The incident dates to the late 2000s, when the Wii and Nintendo DS were Nintendo's best-selling hardware ever. An Amazon executive approached Fils-Aimé and requested "an obscene amount of financial support" so Amazon could undercut Walmart's prices on Nintendo products.
"Amazon was looking to get bigger into the video game space. Amazon's mentality back then is they wanted to have the lowest price out in the marketplace, even lower than Walmart. I literally said to the executive, 'You know that's illegal, right? I can't do that.'"
Nintendo's Response: Cut Them Off
Rather than negotiate, Nintendo stopped selling to Amazon. Fils-Aimé framed the decision as a matter of principle: "I wasn't going to do something illegal. I wasn't going to do something that would put at risk the relationship we have with other retailers. But it also set the stage to say, look, you're not going to push me around."
A Feud That Continues Today
The fallout from that meeting has echoed for decades. Nintendo first-party games have frequently been unavailable on Amazon, and pre-orders have been cancelled without warning. When Nintendo Switch 2 launched recently, Amazon conspicuously had no pre-order listings while other retailers sold out. Many had speculated this was about third-party sellers undercutting Nintendo's prices — but the actual origin runs deeper.

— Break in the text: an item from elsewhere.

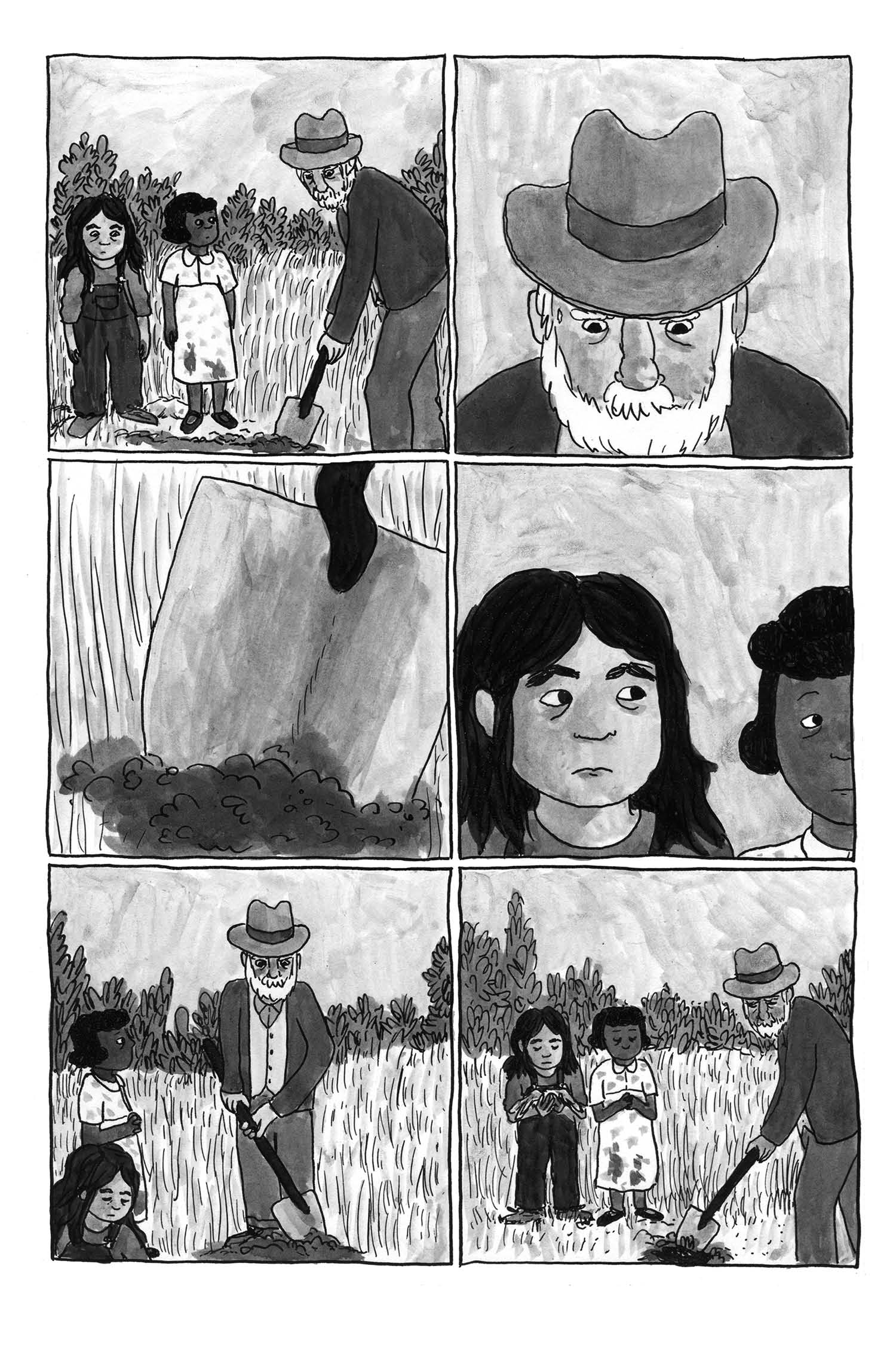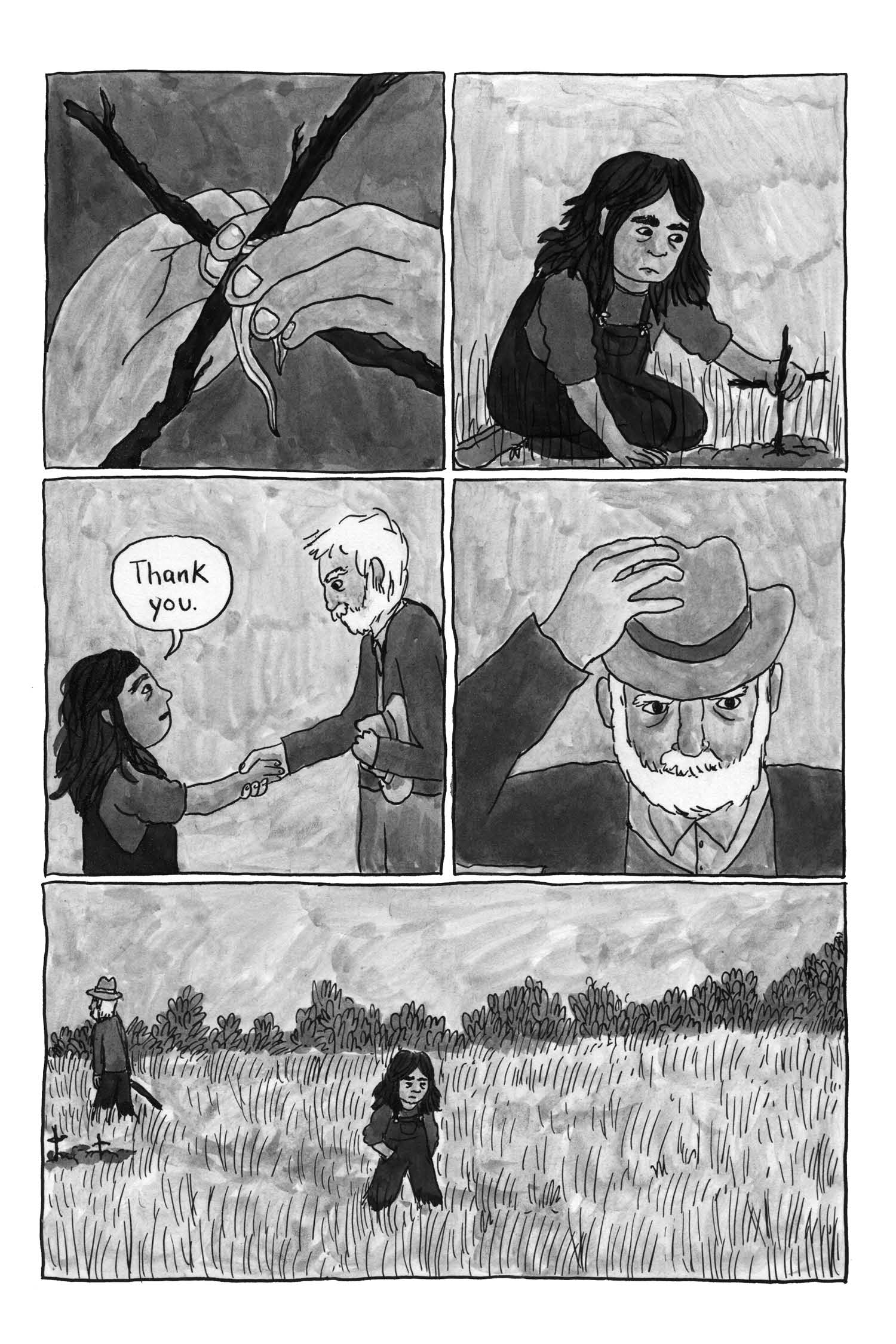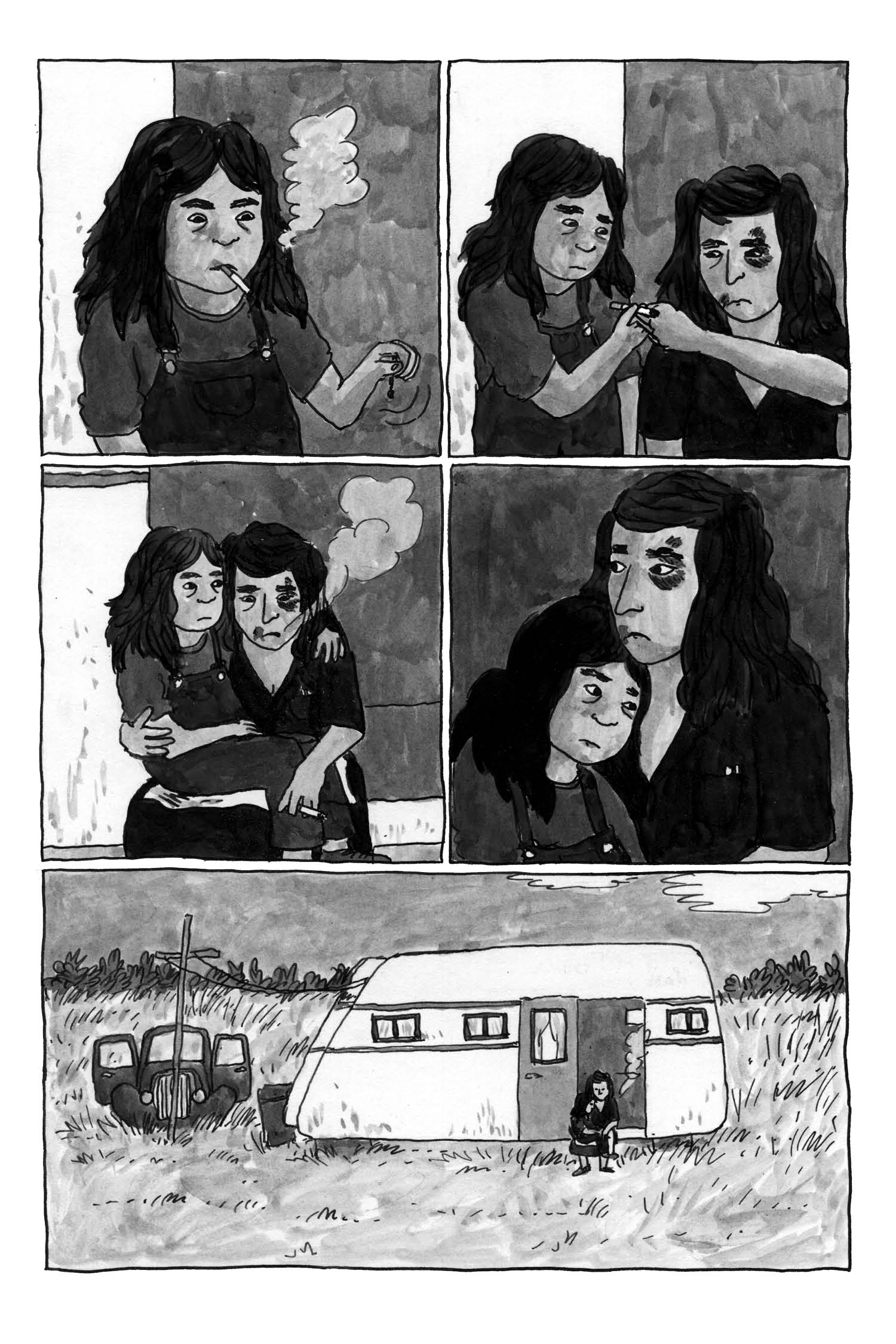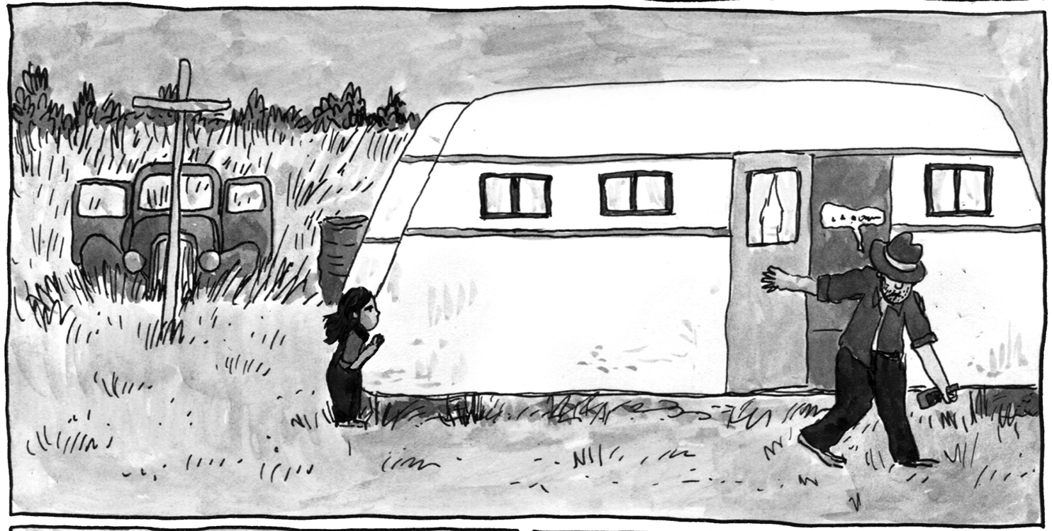A work of fiction inspired by her grandfather’s writing and childhood, Melissa Mendes’ pastoral cartooning captures the openness of rural America—soft breezes, tall grass, whirring grasshoppers, rainstorms, skinned knees. But all the while, the cruelty, the disappointment of man lurks behind the barn and in the trailer. Life can be stubbed out as easily as a cigarette tossed in the dirt. One moment all focus, next, gone without a thought. Will Edie find herself repeating a cycle or will she be free like she felt as a child?

Amazon's Troubled Gaming History
Amazon has poured enormous resources into gaming with little to show for it. Internal studios have laid off thousands. Cloud gaming service Luna shut down last month with no refunds for subscribers. Gaming leadership departed the company at the start of 2026. The irony is sharp: the company that once demanded Nintendo bend the rules to help Amazon grow its gaming business never successfully built one.